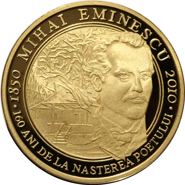 The center features the Ipoteşti memorial house, Eminescu's childhood home, and his 1885 portrait within a double circle. "MIHAI EMINESCU" arcs above, with "160 ANI DE LA NASTEREA POETULUI" below. The years "1850" and "2010" are on the left and right, respectively.
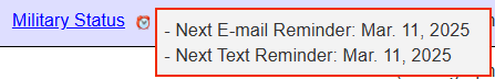 To turn on E-mail Alerts and/or Text Message Alert, click Use. Then, set the first reminder date and final reminder date. If no final date is selected reminders will be sent until the field has data.
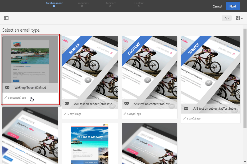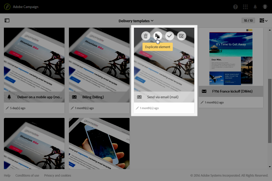 고급 메뉴 Resources > Templates > Delivery templates에서 기본 제공 템플릿을 복제하여 새 게재 템플릿을 구성합니다.
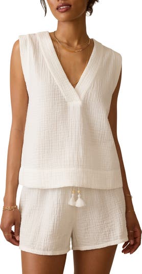 You'll be cool and comfortable no matter what the weather's doing, in this breezy popover top made from soft organic-cotton gauze.
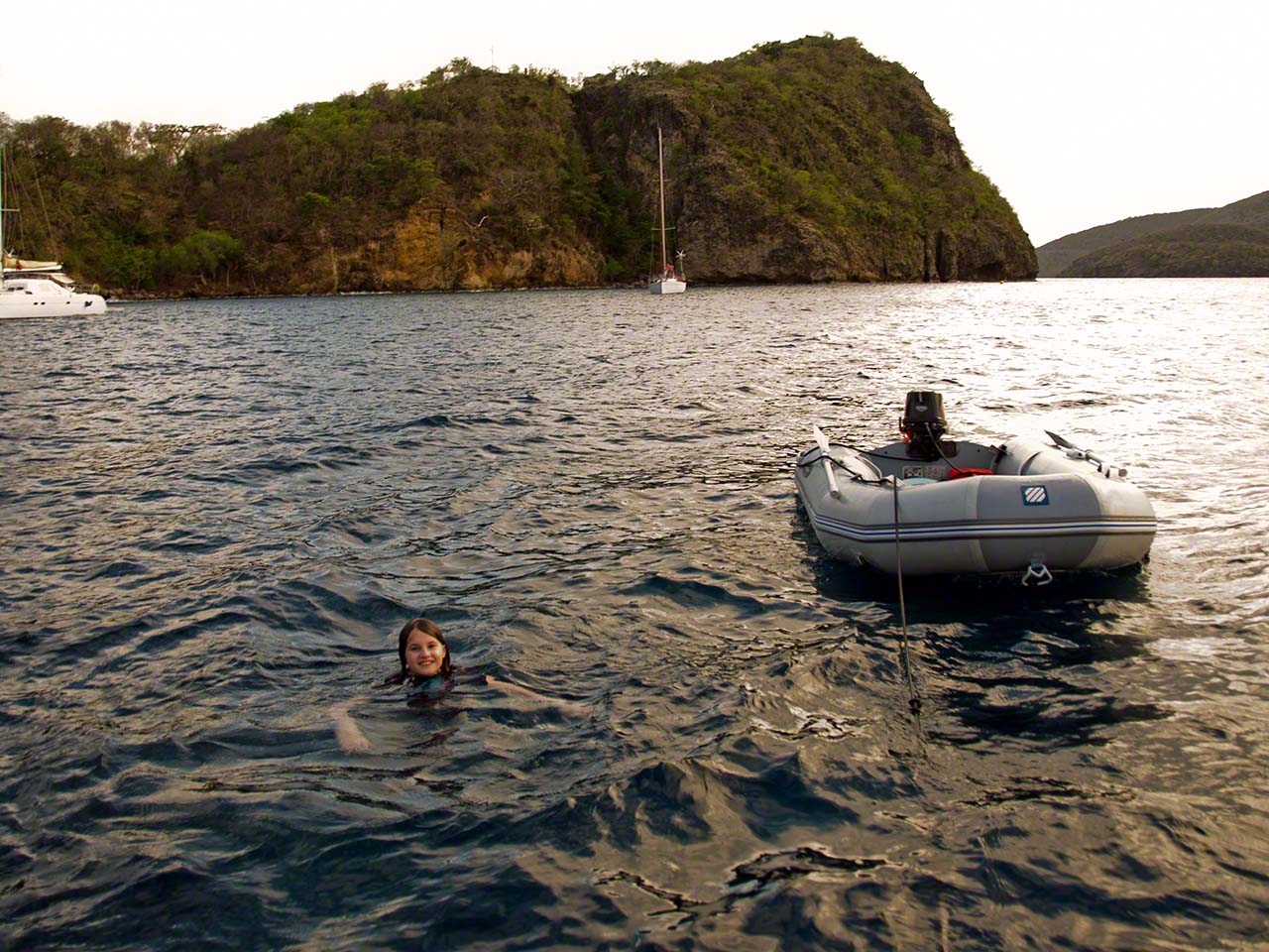 After a calm night at anchor, with just a bit of roll when the winds died in the evening, we awoke to a wonderful Caribbean day and had a big breakfast aboard while deciding what to do with the day. The winds had picked up considerably and we could see chop and whitecaps so we opted to stick with what we knew and stay put. Naturally a beach visit was on the agenda and I wanted to head up to the top of the hill to take a look at the big cross which I assumed (incorrectly) was a navigational mark. I haven’t been keeping up with my diary/blog regularly and somehow cannot recollect what else we did this day – it seemed to consist of breakfast followed by beach and my walk up the hill, tasty dinner and a couple of happy hour drinks and nothing in between. Perhaps that’s a good sign of a relaxing day if nothing else made it to long-term storage!
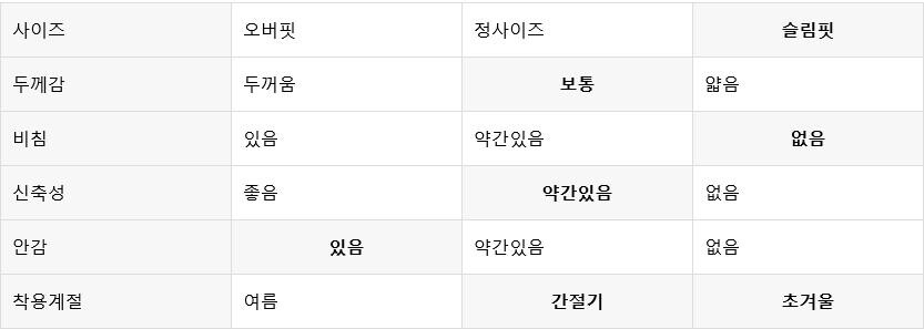평소 입던 스타일과 달라 만족도가 낮을 수 있습니다
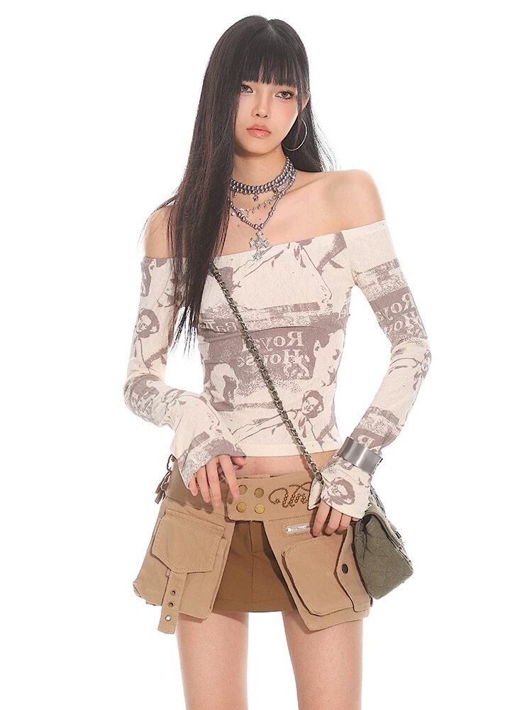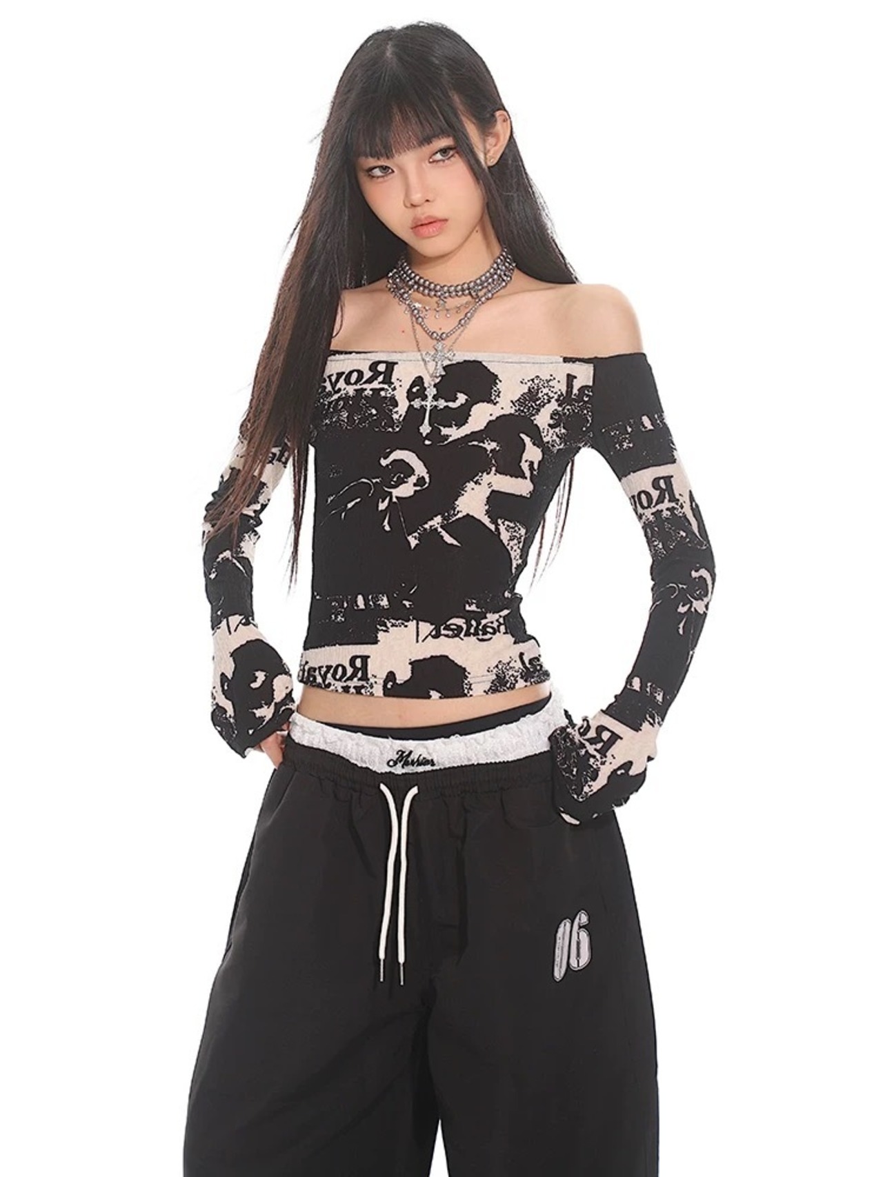 オフショルダー 茶色 黒 ブラウス カジュアル スウェット ダンス クラブ
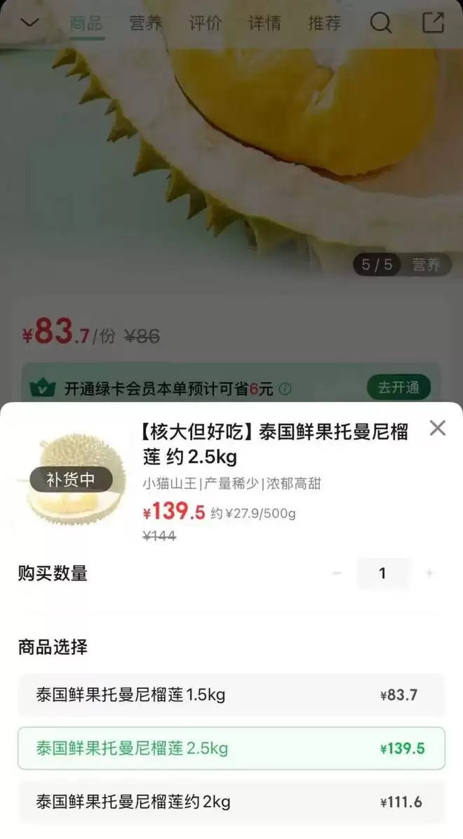 转到叮咚买菜APP,泰国鲜果托曼尼榴莲的价格约为每斤27.9元,其中2kg和2.5kg规格的同样显示“补货中”。
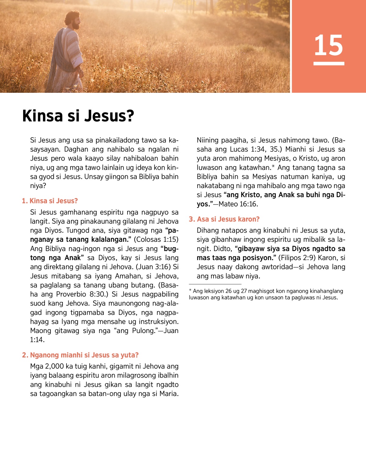 a Ang leksiyon 26 ug 27 maghisgot kon nganong kinahanglang luwason ang katawhan ug kon unsaon ta pagluwas ni Jesus.
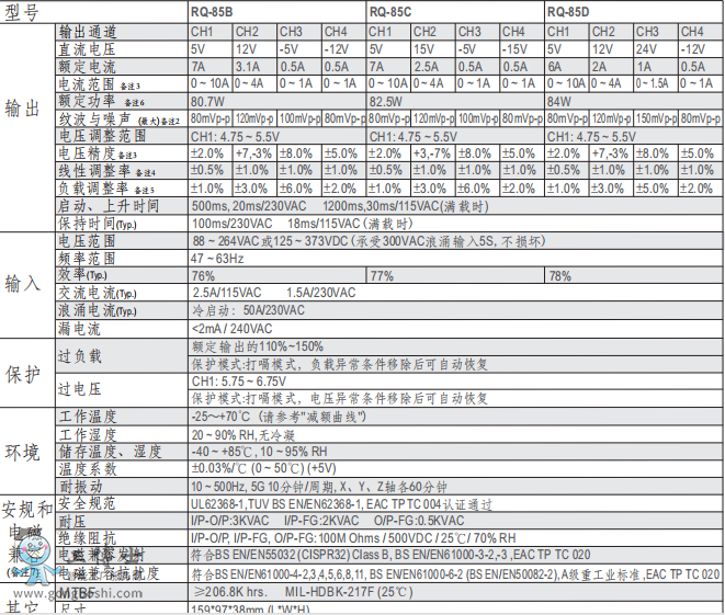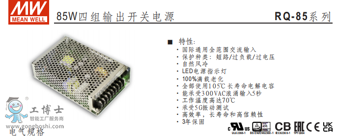 明緯電源RQ-85W四組輸出開關電源現貨c系

PROBLEM>
The expected output is an exact copy of the lines from the top of the data above through the line containing "고급 메뉴 Resources", both included, with every picture omitted.

ANSWER SPACE>
 The center features the Ipoteşti memorial house, Eminescu's childhood home, and his 1885 portrait within a double circle. "MIHAI EMINESCU" arcs above, with "160 ANI DE LA NASTEREA POETULUI" below. The years "1850" and "2010" are on the left and right, respectively.
 To turn on E-mail Alerts and/or Text Message Alert, click Use. Then, set the first reminder date and final reminder date. If no final date is selected reminders will be sent until the field has data.
 고급 메뉴 Resources > Templates > Delivery templates에서 기본 제공 템플릿을 복제하여 새 게재 템플릿을 구성합니다.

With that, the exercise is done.